I knew a young boy of ten, of sickly disposition and precocious imagination, who had developed a purely cerebral love for an older girl. He would stay at his window for hours on end to see her walk by, wept if he didn't see her, wept even more if he did. He spent moments with her that were very few and far between. He stopped sleeping and eating. One day, he threw himself out of his window. People thought at first that despair at never getting close to his lady friend had filled him with the resolve to die. They learnt that, on the contrary, he had just had a long conversation with her: she had been extremely nice to him. Then people supposed that he had renounced the insipid days he still had to live, after this intoxication that he might never be able to experience again. Frequent remarks he had previously made to one of his friends finally led people to deduce that he was filled with disappointment every time he saw the sovereign lady of his dreams; but as soon as she had left, his fertile imagination restored all her power to the absent girl, and he would start to long her her again. After that final interview in which he had, in his already active and inventive fantasy, raised his lady friend to the high perfection of which her own nature was capable, and been filled with despair when he compared that imperfect perfection to the absolute perfection on which he lived and from which he was dying, he threw himself out of the window. Subsequently, having been reduced to idiocy, he lived for a long time, since his fall had left him with no memory of his soul, his mind, or of the words of his lady friend, whom he now met without seeing her. In spite of supplications and threats, she married him, and died several years later, without having managed to make him recognize her.
Life is like this girl. We dream of it, and we love what we have dreamt up. We must not try to live it: we throw ourselves, like that boy, into a state of stupidity--but not all at once: everything in life deteriorates by imperceptible degrees. Within ten years, we do not recognise our dreams, we deny them, we live, like an ox, for the grass we graze on moment by moment. And from our marriage with death, who knows if we will arise as conscious, immortal beings?"
~Marcel Proust
(from Pleasures and Days: Nostalgia - Daydreams Under Changing Skies, part 6)
I see so much of myself in Proust. Not always the best parts of me, but real parts of me none-the-less.

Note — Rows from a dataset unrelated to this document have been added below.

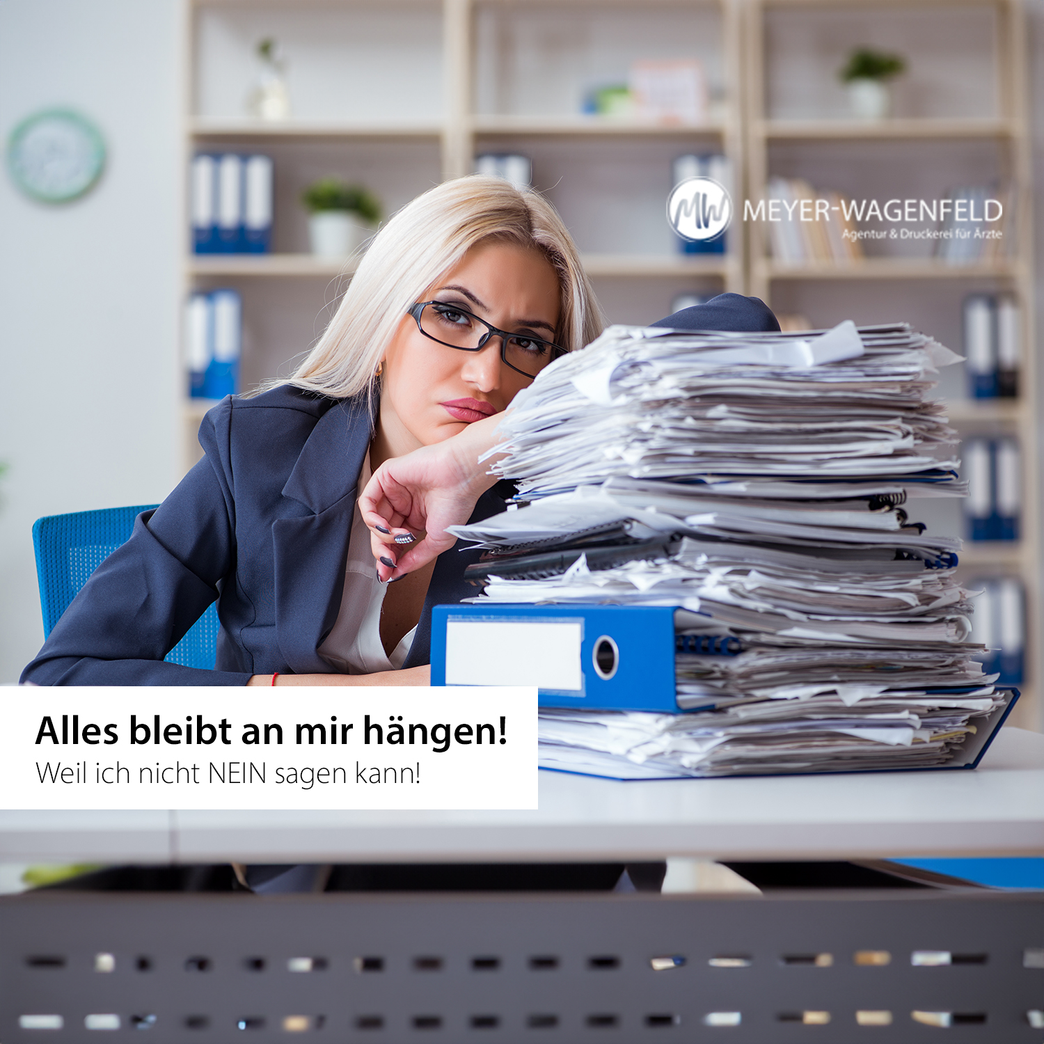 Das „Baden in Selbstmitleid“ bringt Sie kein Stück weiter. Natürlich tut es gut, anderen zu erzählen, dass man bis zum Hals in Arbeit steckt und nicht weiß, was man zuerst oder zuletzt machen soll. Das löst aber nicht Ihr Problem. Viel wichtiger ist es, dass Sie lernen, sich abzugrenzen und NEIN zu sagen!
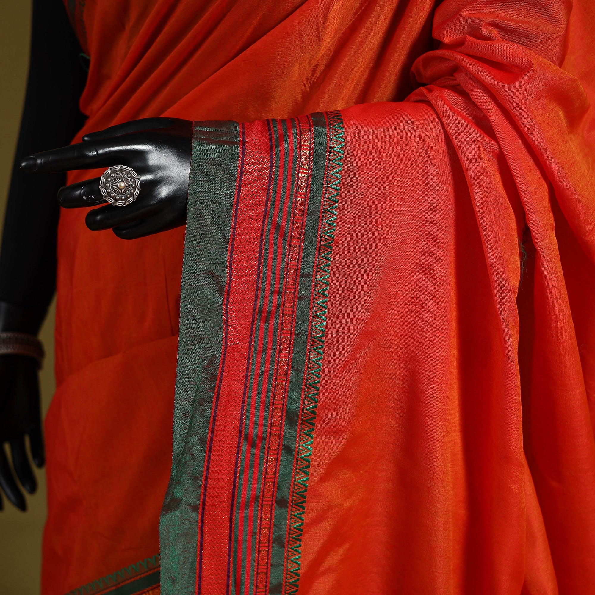 This red mercerized cotton Ilkal saree blends everyday comfort with elegant charm. Woven in the traditional Ilkal technique, it has a soft drape and a subtle sheen, making it ideal for both casual outings and festive occasions. The classic border enhances its beauty, while the rich weave reflects the heritage of Karnataka’s looms. It comes with a matching blouse piece to complete the graceful look.
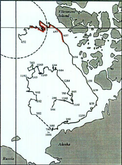 ranged from 80°N to 85° N during the first year.
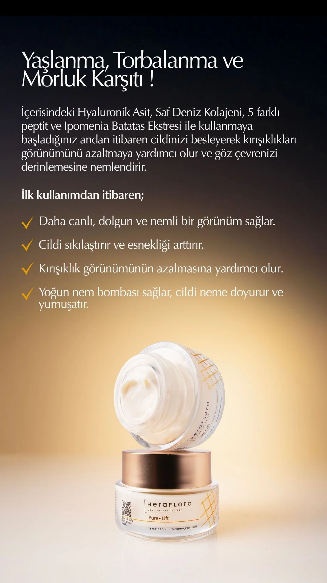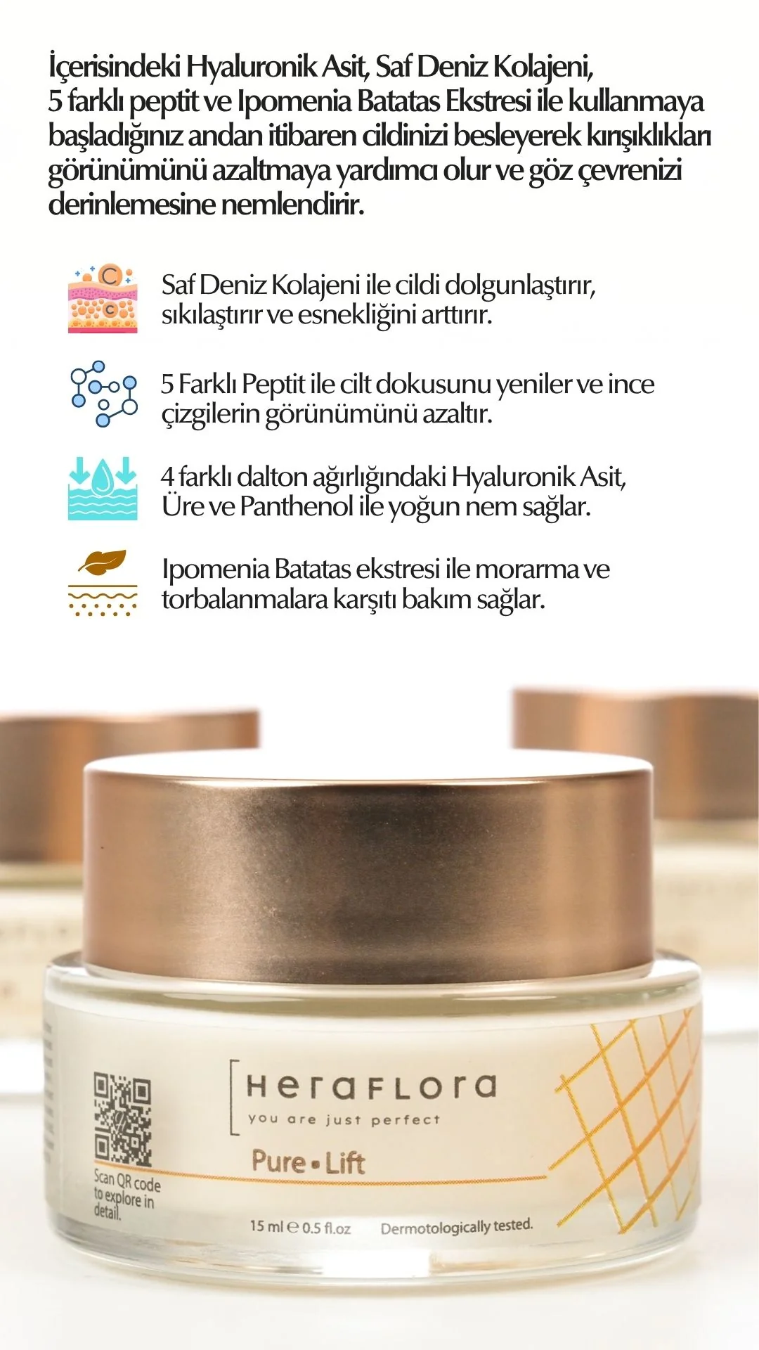 Pure Lift Yaşlanma Karşıtı ve Yoğun Nemlendirici Göz Çevresi Bakım Kremi, beş farklı peptit ve güçlü aktif bileşenleriyle kullanmaya başladığınız andan itibaren cildinizi besleyerek kırışıklıkları görünümünü azaltmaya yardımcı olur ve göz çevrenizi derinlemesine nemlendirir. Kullandığınız andan itibaren aydınlık, genç ve sağlıklı görünümü keşfedin.
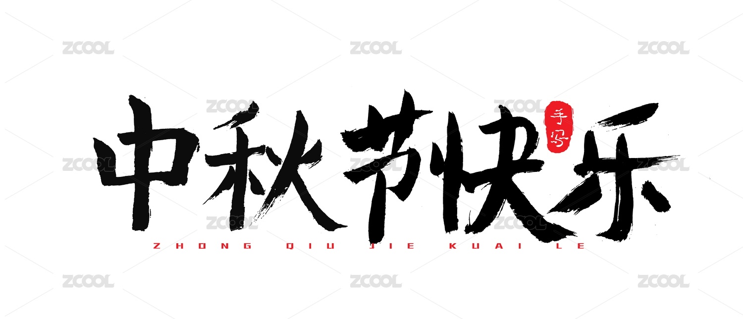 中秋快乐-中国传统节日原创书法手写矢量字体

Like Proust, I'm a perpetual dreamer, highly introspective, and I often prefer the company of the characters in my head to that of real people. What I find interesting, is that in spite of this common tendency, Proust and I seem to have very different opinions about how it affects our lives. While I am constantly pushing myself to spend less time alone, to go out among real people and have real life experiences, Proust extols the world of dreams. Numerous times throughout Pleasures and Days, he claims the imagination's superiority over travel, over conversation, over performances and concerts, over all of life's experiences--just as here, he claims the superiority of imagined love over real love. Or perhaps he thinks that there is no real love: at least, not the kind that fills your heart and soul and transforms your entire world for as long as it lasts. On the other hand, I know from experience that, although imagination is a wonderful thing, you can easily waste away inside of it; and although great adventures and romances, and moments deliciously charged with significance, are possible at any given moment in your mind, living off of them is like eating shadows. It can never compare with the taste of meaningful connections with real people, and the challenging and heart-filling experiences of real life. The problem is that the latter are exponentially harder to come by. But trying to live off dreams alone is a one-way ticket to depression. Your mind will wither away and became stagnant--stupid--one that no longer grows, or changes, or learns, one that ceases to observe the infinite glories and banalities of life. Daydreams, when exploited in excess, are like drugs; it's easy to take a shot of them for a quick-fix, but it's no substitute for real-life joys.
But I'm sure, though Proust claims the imagination's superiority over all and advocates total seclusion as a means of letting your mind flourish, he clearly spent his fair share of time in the real world. How else could he have written all these poignant vignettes at the age of 25, creating human portraits that can pack the significance and subtlety of an entire life into 10 pages? He knew real life, and he understood it better than most. What's so hard for someone like Proust, though, is that having an imagination is so vivid and so wonderful makes it impossible for life to compare with the extraordinary things you create in your head. As Scott Adams once pointed out: "Imagination has a way of breeding disappointment."